** Task description **
Return, with both end lines included, exactly what the data below holds from the line with "- Image of the" through the line with "夏の部屋の空気では、温度と湿", though not the pictures.

** Task input **
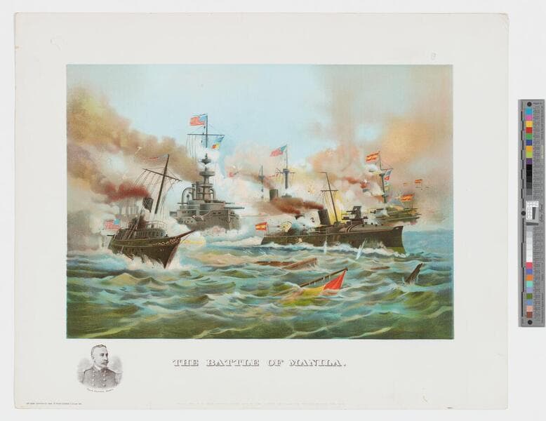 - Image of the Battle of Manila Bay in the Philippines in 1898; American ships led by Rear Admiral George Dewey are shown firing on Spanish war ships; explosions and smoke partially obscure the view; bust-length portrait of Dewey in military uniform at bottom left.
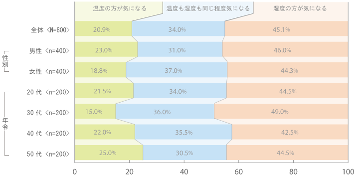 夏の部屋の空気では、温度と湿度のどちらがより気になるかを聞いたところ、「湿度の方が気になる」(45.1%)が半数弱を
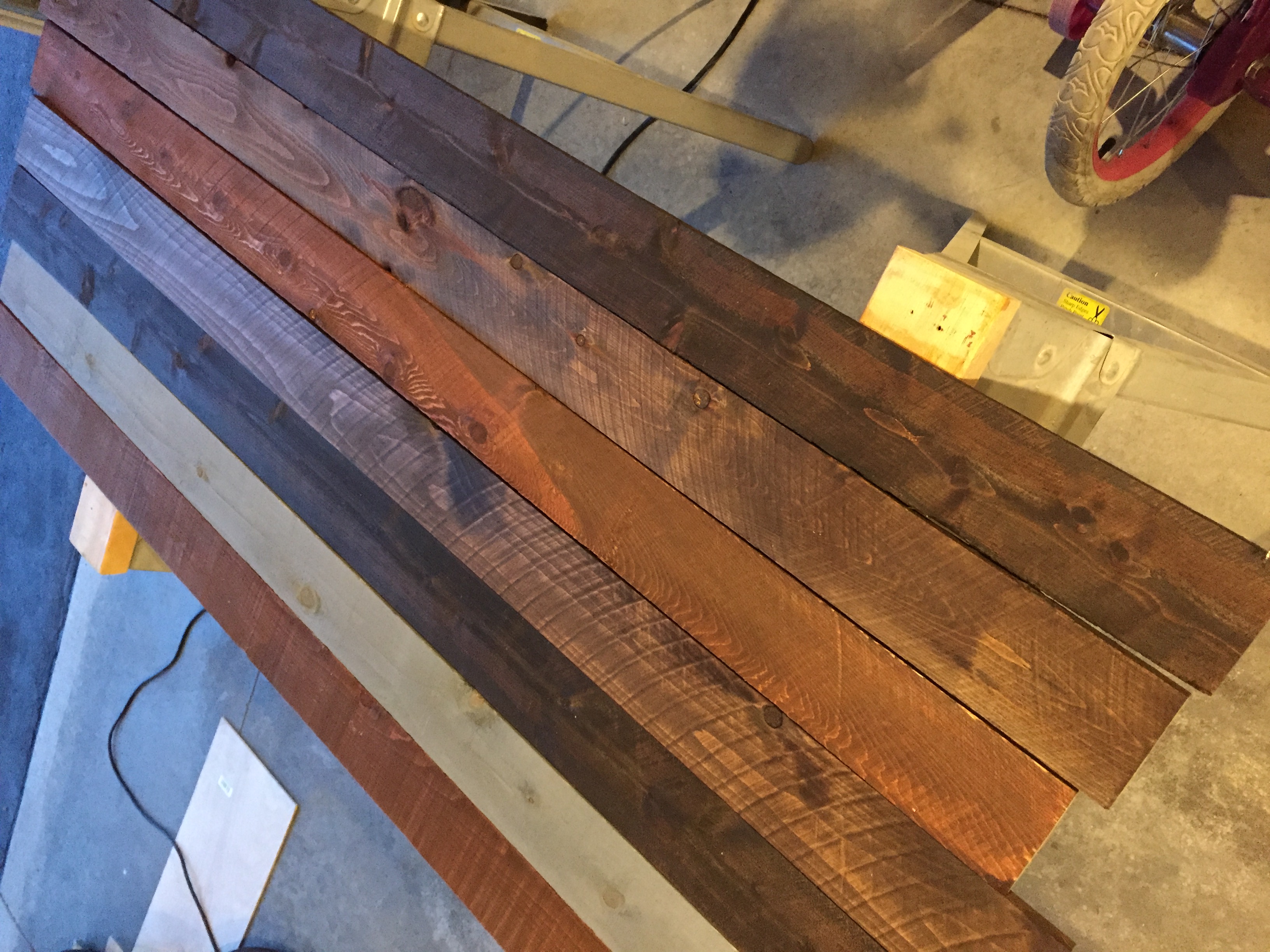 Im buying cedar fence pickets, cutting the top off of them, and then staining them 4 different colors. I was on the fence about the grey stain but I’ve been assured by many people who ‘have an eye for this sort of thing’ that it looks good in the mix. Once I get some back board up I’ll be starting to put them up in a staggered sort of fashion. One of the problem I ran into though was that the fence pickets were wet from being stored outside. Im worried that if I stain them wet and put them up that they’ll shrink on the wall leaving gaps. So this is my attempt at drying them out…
...
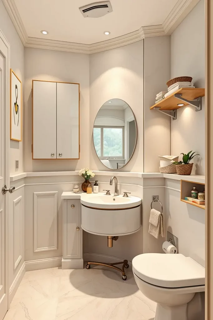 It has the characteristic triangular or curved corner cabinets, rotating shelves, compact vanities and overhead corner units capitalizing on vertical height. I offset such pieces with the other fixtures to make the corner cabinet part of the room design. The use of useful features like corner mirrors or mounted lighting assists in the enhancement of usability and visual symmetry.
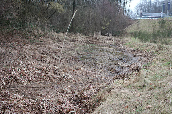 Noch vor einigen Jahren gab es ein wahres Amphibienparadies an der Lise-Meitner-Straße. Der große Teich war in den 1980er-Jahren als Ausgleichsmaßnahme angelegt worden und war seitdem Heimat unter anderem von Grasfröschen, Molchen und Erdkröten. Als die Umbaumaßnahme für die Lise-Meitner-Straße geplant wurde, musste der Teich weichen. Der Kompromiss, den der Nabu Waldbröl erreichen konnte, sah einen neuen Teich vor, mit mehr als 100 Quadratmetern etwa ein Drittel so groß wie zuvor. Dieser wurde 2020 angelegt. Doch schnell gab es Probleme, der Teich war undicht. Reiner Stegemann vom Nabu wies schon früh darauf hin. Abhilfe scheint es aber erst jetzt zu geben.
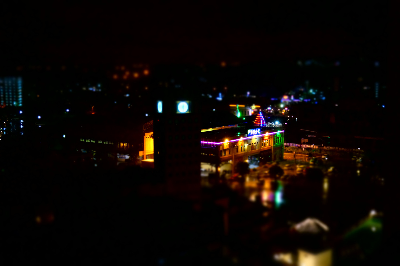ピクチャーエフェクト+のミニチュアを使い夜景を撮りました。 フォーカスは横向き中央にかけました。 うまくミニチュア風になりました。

** Exercise solution **
 - Image of the Battle of Manila Bay in the Philippines in 1898; American ships led by Rear Admiral George Dewey are shown firing on Spanish war ships; explosions and smoke partially obscure the view; bust-length portrait of Dewey in military uniform at bottom left.
 夏の部屋の空気では、温度と湿度のどちらがより気になるかを聞いたところ、「湿度の方が気になる」(45.1%)が半数弱を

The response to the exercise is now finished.